Li Hui, Wei Xuefeng, Yang Jiameng, Dong Dong, Hao Dan, Huang Yongzhen, Lan Xianyong, Plath Martin, Lei Chuzhao, Ma Yun, Lin Fengpeng, Bai Yueyu, Chen Hong

机构信息

Shaanxi Key Laboratory of Molecular Biology for Agriculture, College of Animal Science and Technology, Northwest A&F University, Yangling, 712100 Shaanxi, China.

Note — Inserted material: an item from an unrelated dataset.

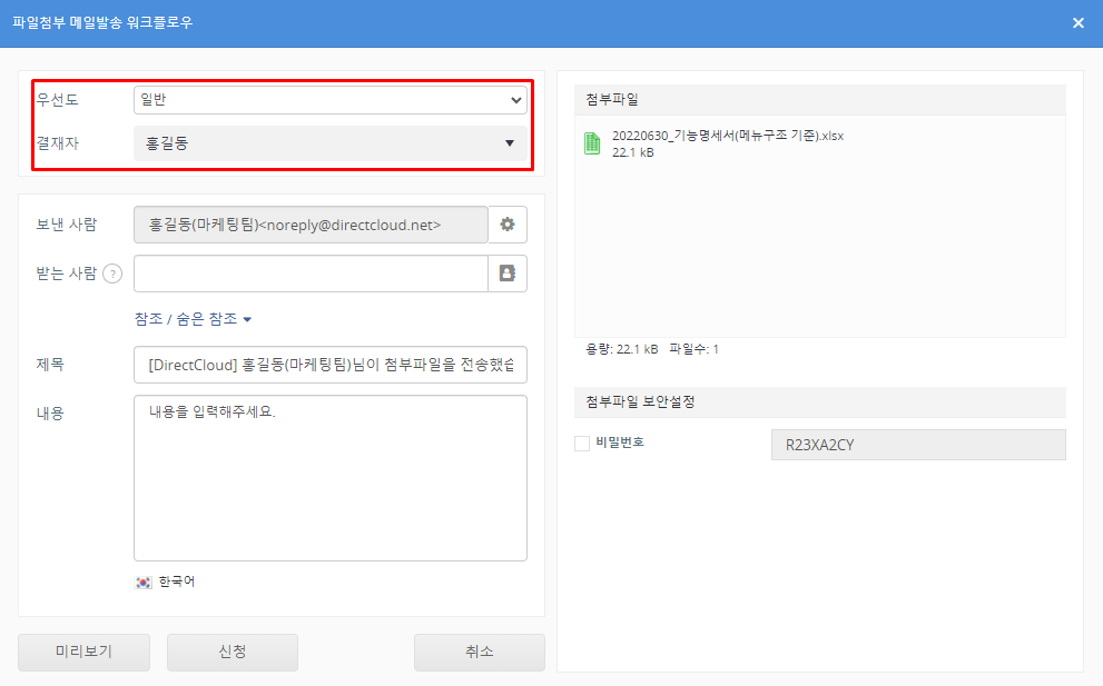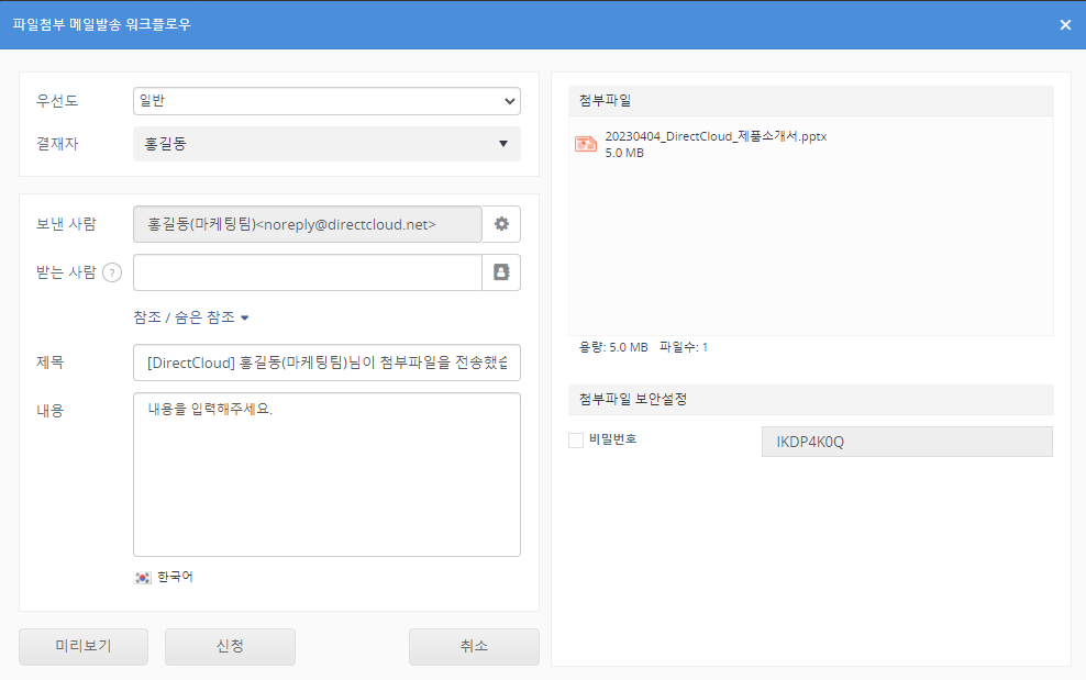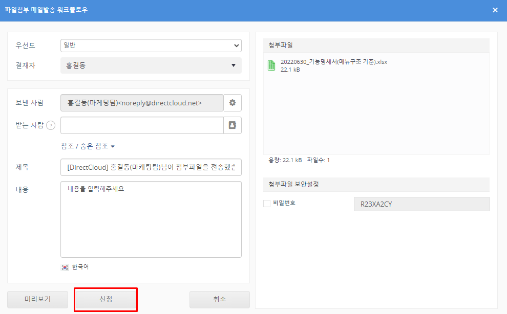 파일첨부 메일발송을 설정하고 '신청' 버튼을 클릭합니다. ‘제목’란에 입력한 내용은 ‘Workflow’>‘결재함’ 메뉴에 표시되는 신청 제목으로 사용되며, 신청이 승인된 후 ‘받는사람’란에 입력한 이메일 주소로 발송되는 링크 메일의 제목으로도 사용됩니다. 신청이 승인된 후에는 제목을 변경할 수 없습니다.

College of Life Sciences, Xinyang Normal University, Institute for Conservation and Utilization of Agro-Bioresources in Dabie Mountains, Xinyang, Henan 464000, PRC.

出版信息

Mol Ther Nucleic Acids. 2018 Jun 1;11:272-283. doi: 10.1016/j.omtn.2018.02.012. Epub 2018 Mar 6.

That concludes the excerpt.